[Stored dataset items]
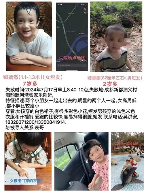 寻人启事内容显示,失踪姐姐名叫卿嫣然,今年7岁,弟弟今年3岁,于2024年7月17日早上10点左右,在四川省成都市新都区泗义村3组海韵毗河湾附近走失。
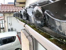 | 現場調査:目地モルタル幅(目地幅10.0mm)です。 | 現場調査:目地モルタル深さです。(目地深さ6.0mm) | 現場調査:雨樋金具に錆び確認と樋内部にコケが発生です。 |
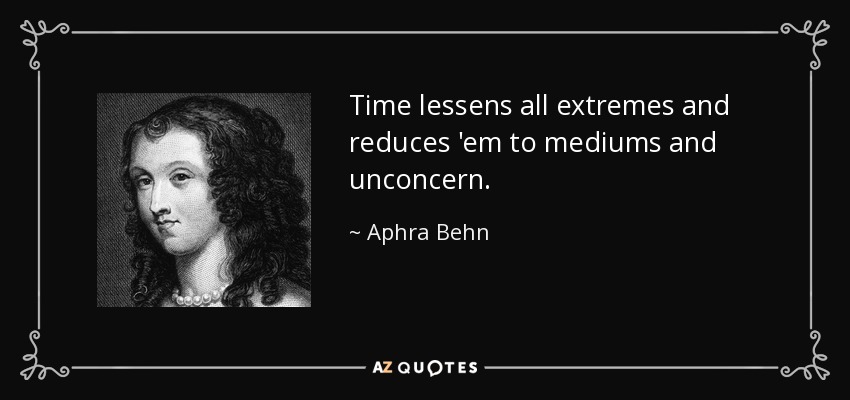 Time lessens all extremes and reduces 'em to mediums and unconcern.
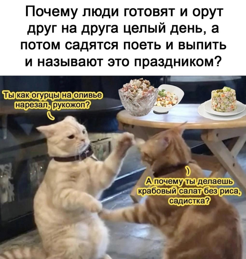 Автор: Аталина АвантажВот снова нарубали салатов. В доме — стойкий хвойный-мандариновый аромат и атмосфера новогоднего праздника. А в галерее смартфона собралась большая коллекция подходящих мемчиков. Спешу поделиться настроением:
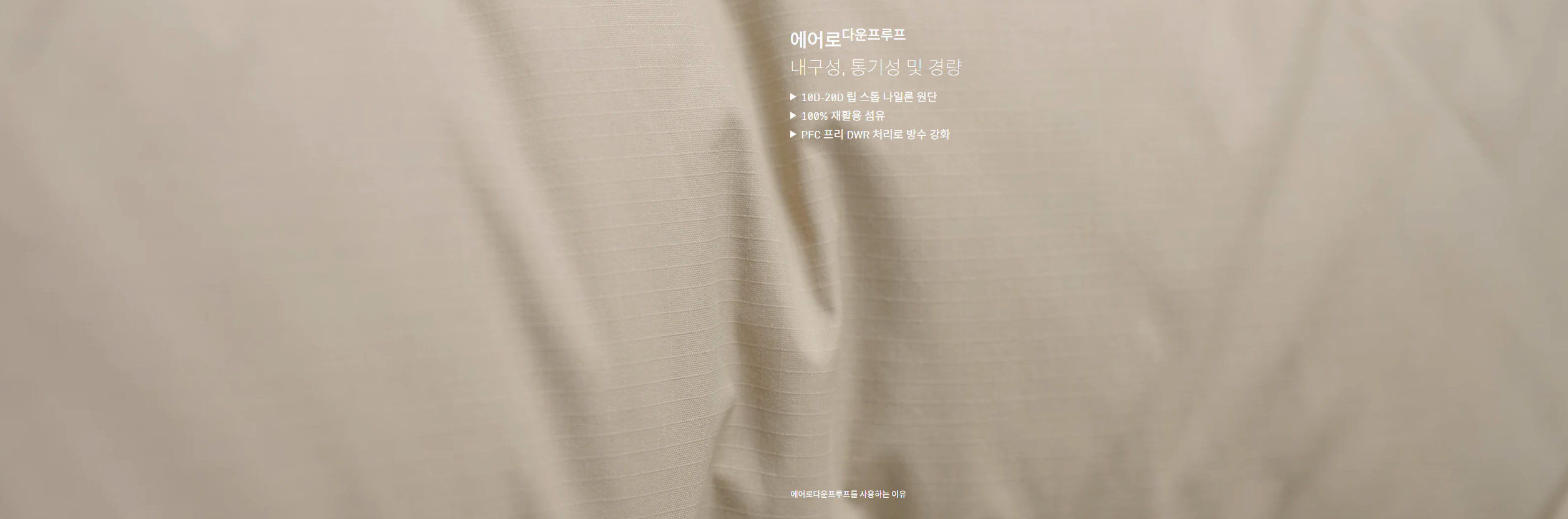 겉감은 aeroDownproof 원단을 사용하여 방풍 기능, 경량성, 부드러운 터치감, 그리고 내구성을 제공합니다.
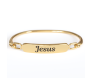 Linda Pulseira com o Nome Jesus. Confeccionada em metal no banho ouro light ela é regulável no pulso. Acessório feminino que demonstra grande respeito e devoção no uso diário.
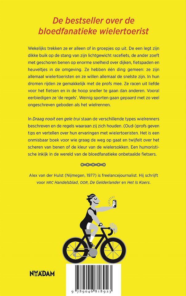 In Draag nooit een gele trui staan de verschillende types wielrenners beschreven en de regels waaraan zij zich houden. (Oud-)profs geven tips en vertellen over hun ervaringen met wielertoeristen. Het is een onmisbaar boek voor wie graag de weg op gaat en twijfelt over het scheren van benen of de kleur van de wielersokken. Een humoristische inkijk in de wereld van de bloedfanatieke onbetaalde fietsers.
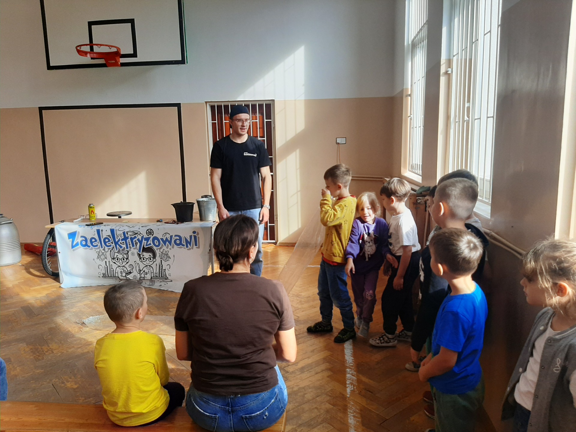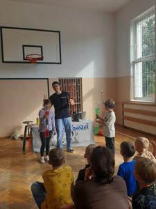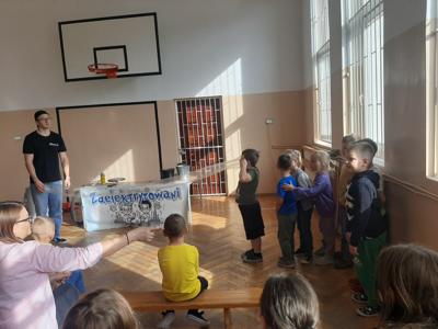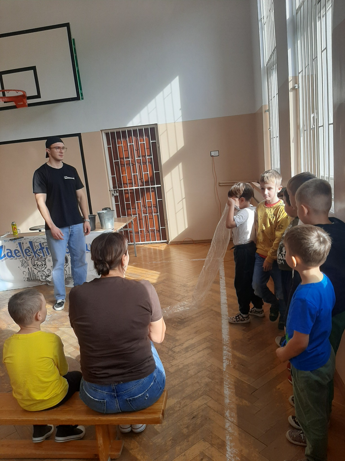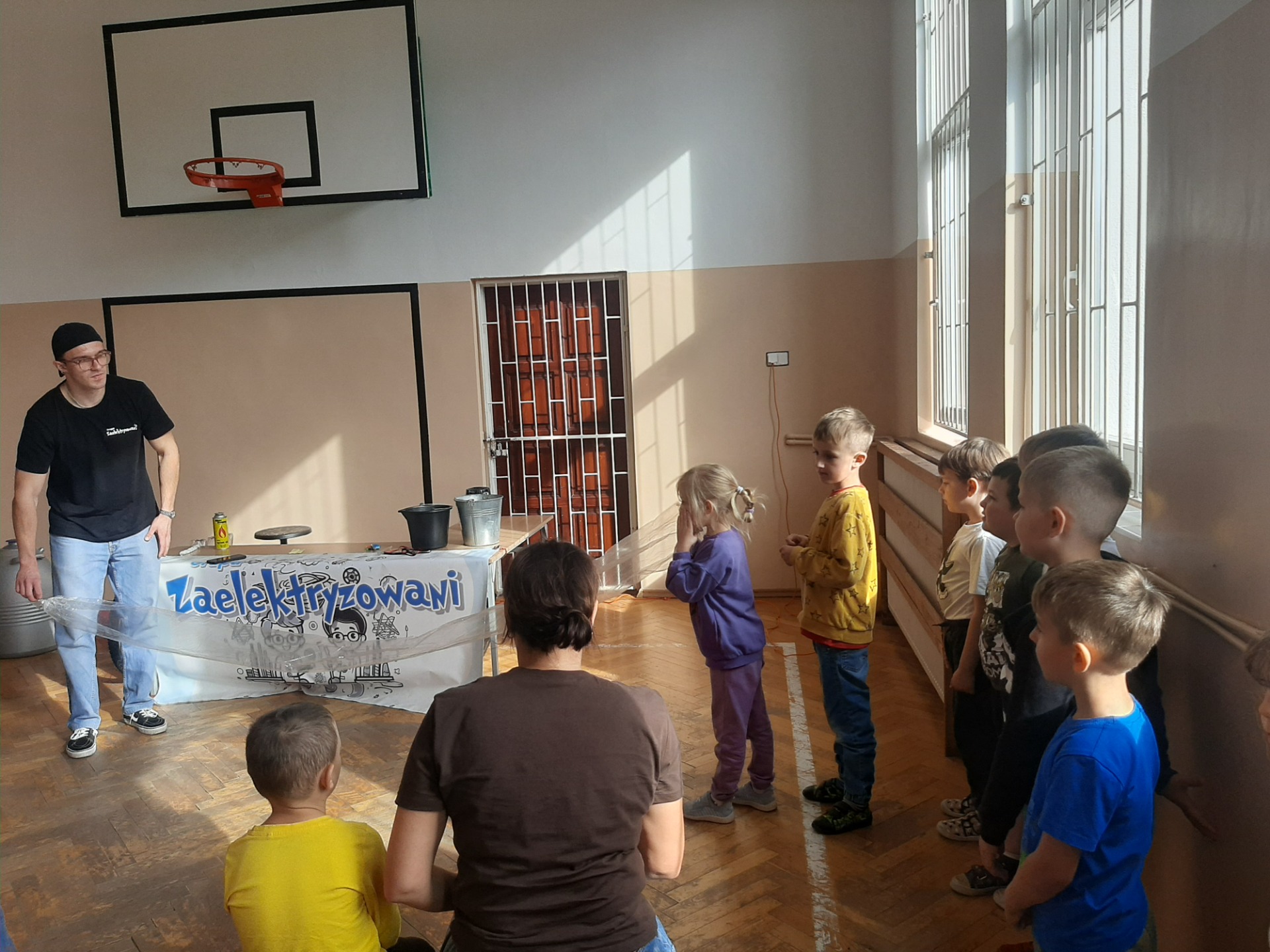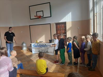 Dzisiejszego dnia -22 września naszą szkołę odwiedziła grupa o nazwie ,,Zelektryzowani’’. Prowadzący zajęcia w ciekawy i atrakcyjny sposób przybliżył naszym uczniom tajniki chemii i fizyki. W pokazie wzięli udział uczniowie klas 0 - 8. Podczas tej niecodziennej lekcji zostały im zaprezentowane widowiskowe eksperymenty i doświadczenia naukowe. Wśród nich znalazły się: lewitująca piłka przy użyciu dmuchawy do liści, czy też- ,,płonąca dłoń’’. Dzięki różnorodnym rekwizytom i substancjom uczniowie mogli poczuć się jak w prawdziwym laboratorium. Dużą atrakcją dla naszych uczniów była możliwość aktywnego uczestnictwa w pokazie. Co ważne prowadzący zwracali uwagę na kwestię bezpieczeństwa podczas pokazu oraz przestrzegali przed niepowtarzaniem doświadczeń w warunkach domowych.
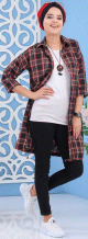 Sur-chemise Tunique à carreaux pour femme (Vêtement Hijab - Saison Automne Hiver) - Couleur Bordeaux - REF. 35213 (26.90 €) - En Promotion à 18.00 €
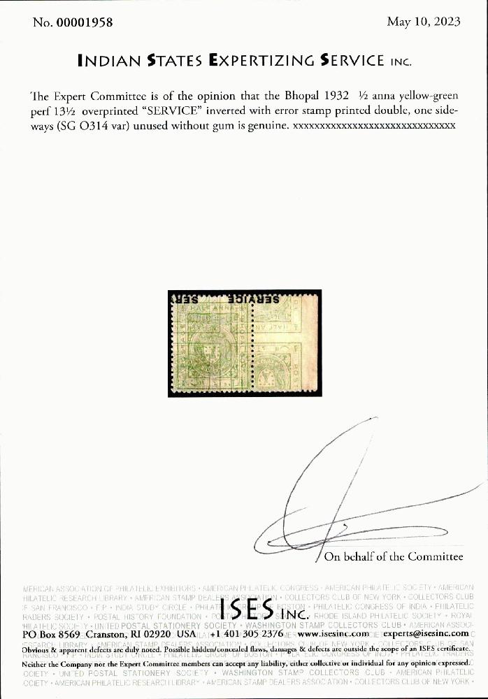 | Zusatzinformationen und Suchstichworte: | India and States Auction 25. Juni 2023 Los 20 Indien Staaten Bhopal Bhopal 1932 ½ anna gelbgrün gezähnt 13½ überdruckt "Dienst" kopfstehend mit Abart Doppeldruck, ein seitlich (SG O314 var) ungebraucht ohne Gummi. ISES Attest Ausruf 50,00 USD |
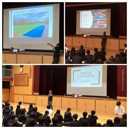 4月15日(月)の1時間目、3年生は体育館で修学旅行の説明を受けました。内容は、修学旅行に行く目的について、行き先や、体験プログラムについてなどの説明を受けました。今回は全体で体験するプログラムと活動班によって体験内容が変わる、選択制プログロムがあり、説明の後で選択制プログラムの希望調査を行いました。
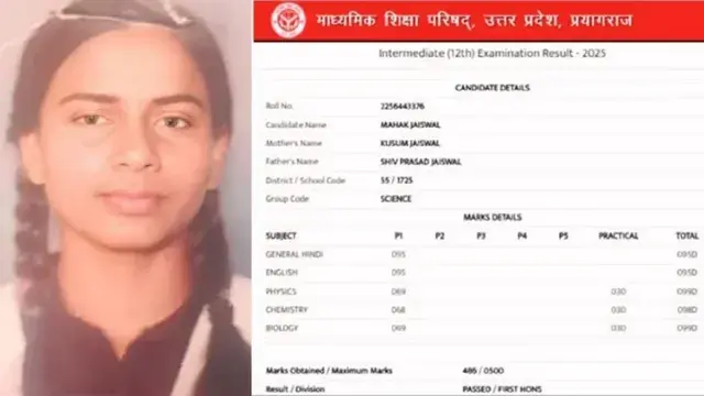 UP Board 12th Result 2025: यूपी बोर्ड की 12वीं के नतीजे शुक्रवार को घोषित कर दिए गए। उत्तर प्रदेश माध्यमिक शिक्षा परिषद (UPMSP) बोर्ड के 12वीं बोर्ड के इस साल के नतीजे बताते हैं कि इंटरमीडिएट में प्रयागराज की महक जायसवाल ने यूपी टॉप किया है। उन्हें कुल 500 में 486 अंक आए हैं। यूपी 12वीं बोर्ड की टॉपर महक जायसवाल की मार्कशीट बताती है कि उन्हें फिजिक्स और बायोलॉजी में 99-99 अंक मिले हैं। इसके अलावा केमिस्ट्री में भी उन्हें 98 अंक आए हैं।

_What is required_
Among the entries above, take the lines from the one with "現場調査:目地モルタル深さです。(目地深さ6.0mm) | 現場調査:雨樋金具に錆び確認と樋内部にコケが発生です。 |" through the one with "Linda Pulseira com" and retype them exactly, leaving out the pictures.

_Result for this task_
 | 現場調査:目地モルタル幅(目地幅10.0mm)です。 | 現場調査:目地モルタル深さです。(目地深さ6.0mm) | 現場調査:雨樋金具に錆び確認と樋内部にコケが発生です。 |
 Time lessens all extremes and reduces 'em to mediums and unconcern.
 Автор: Аталина АвантажВот снова нарубали салатов. В доме — стойкий хвойный-мандариновый аромат и атмосфера новогоднего праздника. А в галерее смартфона собралась большая коллекция подходящих мемчиков. Спешу поделиться настроением:
 겉감은 aeroDownproof 원단을 사용하여 방풍 기능, 경량성, 부드러운 터치감, 그리고 내구성을 제공합니다.
 Linda Pulseira com o Nome Jesus. Confeccionada em metal no banho ouro light ela é regulável no pulso. Acessório feminino que demonstra grande respeito e devoção no uso diário.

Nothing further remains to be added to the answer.